🧭 Chan’s Curiosity Log — October 29, 2025

3 minute read

Published:

Daily reflections on new papers, theories, and open questions.


🧩 Paper 1: Single-unit activations confer inductive biases for emergent circuit solutions to cognitive tasks

📄 Nature Machine Intelligence (2025)

1.1 Background

Recurrent neural networks (RNNs) serve as computationally tractable models that capture key features of biological neural networks.
Analyzing task solutions that emerge in RNNs through training provides hypotheses for how biological circuits may perform similar computations.
A comprehensive study of RNNs with different architectures found that, despite differences in the geometry of neural dynamics, they rely on similar computational scaffolds characterized by the topological structure of fixed points.

1.2 Question

Are these architectural choices (activation functions, connectivity constraints, etc.) truly inconsequential to the circuit mechanisms that emerge in RNNs through training?
This question has not been systematically tested.

1.3 Key Idea

They trained RNNs with three common activation functions — ReLU, sigmoid, and tanh — both with and without Dale’s law (restricting each neuron to be either excitatory or inhibitory).

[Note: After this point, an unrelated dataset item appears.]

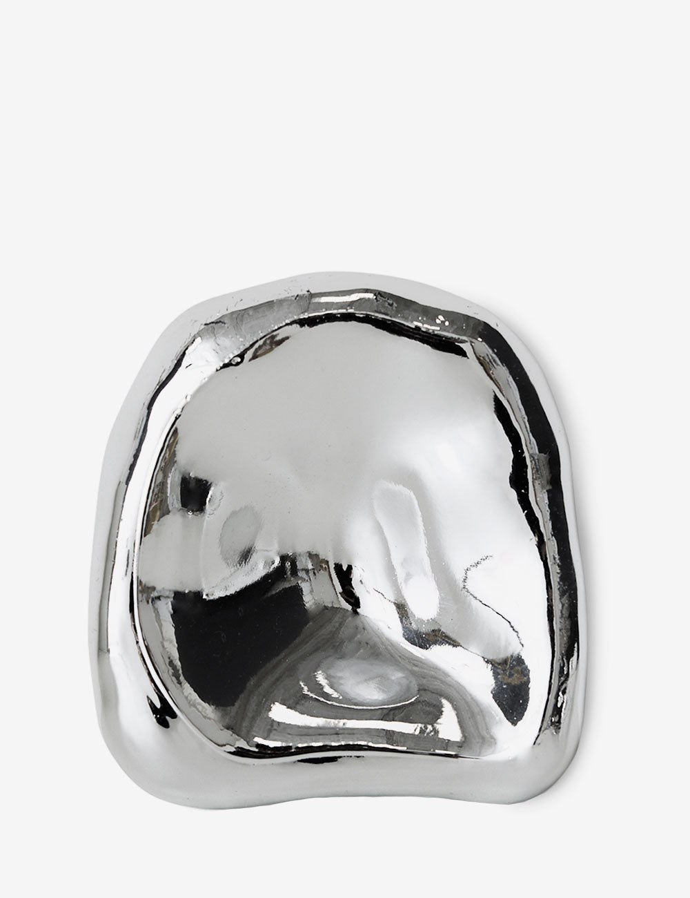 - Forma orgánica y fluida, con efecto reflectante que cambia con la luz.

Dale’s law: a single neuron releases the same neurotransmitter at all of its axon terminals.

1.4 Key Results & Conclusions

  1. Neural representations and dynamics differed across RNNs with varying activation functions — tanh networks diverged most from both sigmoid and ReLU RNNs.
  2. Using a model distillation approach, the authors found that these differences arose from distinct circuit solutions that the RNNs developed to solve the same task.

1.5 Why It Is Interesting

This paper is conceptually linked to yesterday’s study, highlighting that reverse-engineering RNNs requires caution.
It emphasizes the need to identify architectures whose inductive biases best align with biological neural data.

1.6 Questions Worth Exploring

  • Can we define universality classes for neural networks?
  • Can reverse-engineering be done in a cluster or manifold sense?
  • Perhaps this should be explored from a probabilistic or statistical-mechanics perspective.

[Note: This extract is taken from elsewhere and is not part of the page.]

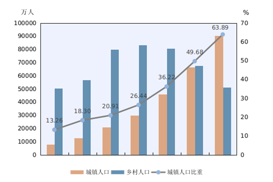 数据:我国居住在城镇的人口为90199万人,占63.89%;居住在乡村的人口为50979万人,占36.11%。与2010年相比,城镇人口增加23642万人,乡村人口减少16436万人,城镇人口比重上升14.21个百分点。

âš¡ Paper 2: ONE-TIMESTEP IS ENOUGH: Achieving High-Performance ANN-to-SNN Conversion via Scale-and-Fire Neurons

📄 arXiv:2510.23383 (2025)

2.1 Background

The high energy consumption of ANN inference has become a critical bottleneck.
Spiking Neural Networks (SNNs) offer an energy-efficient alternative, but training them remains challenging due to non-differentiable spikes and complex temporal dynamics.

Two major paradigms exist:

  • Direct SNN training, which requires backpropagation through time (BPTT) and is memory-intensive.
  • ANN-to-SNN conversion (ANN2SNN), which replaces ANN modules with spiking counterparts and aligns firing rates with ANN activations — far more efficient but typically requiring many time steps to reach comparable accuracy.

2.2 Question

Can SNNs be trained or converted efficiently while maintaining high performance at arbitrary (especially single) timesteps?

2.3 Key Idea

The authors develop a Temporal-to-Spatial Equivalence Theory, proving that multi-timestep integrate-and-fire (IF) neurons are equivalent to single-timestep multi-threshold neurons (MTN).
This enables high-precision ANN2SNN conversion under T = 1 inference.
They introduce the Scale-and-Fire Neuron (SFN) — combining a scaling mechanism with an adaptive fire function for efficient single-step computation.

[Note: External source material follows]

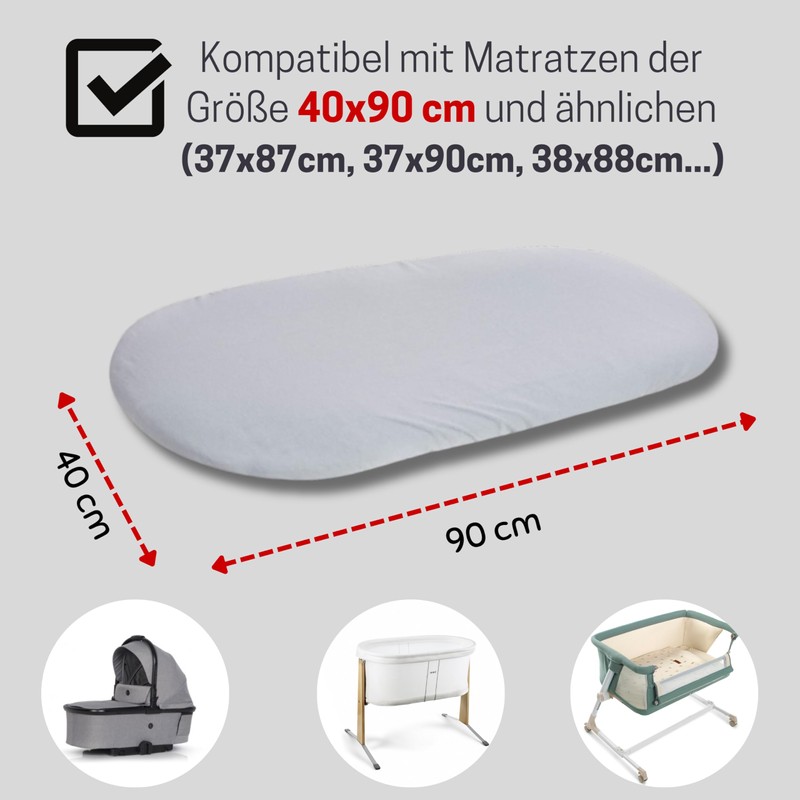 Bisoo Fitted Sheet 90 x 40 cm for Pram, Side Cot - 2-in-1 Mattress Protector 40 x 90 cm Baby Waterproof Fitted Sheet 100% Cotton Jersey Oeko-Tex Certified - Set of 2 Grey

2.4 Key Results & Conclusions

  1. Demonstrated that temporal integration can be replaced by spatial multi-threshold mechanisms within a single timestep.
  2. Designed the Scale-and-Fire Neuron (SFN) for energy-efficient ANN2SNN conversion.
  3. Proposed the SFN-based Spiking Transformer (SFormer) that integrates SFN into Transformer architectures, addressing activation variability through custom fire functions and thresholds.
  4. Achieved 88.8 % accuracy on ImageNet-1K at T = 1, surpassing the previous state-of-the-art (84.0 % at T = 2) while reducing energy use by 5 %.

2.5 Why It Is Interesting

In my future project, I aim to develop a non-equilibrium training algorithm that is both efficient and biologically plausible.
The theoretical framework and methods here may offer valuable inspiration for energy-efficient learning dynamics.

2.6 Questions Worth Exploring

  • What are the underlying dynamics of this new training approach?
  • Can such frameworks enable continual learning or adaptive energy-aware updates?

🧠 Overall reflection: both papers emphasize how architectural biases and energy constraints shape emergent computation — one from the biological-circuit perspective, the other from the hardware-efficiency frontier.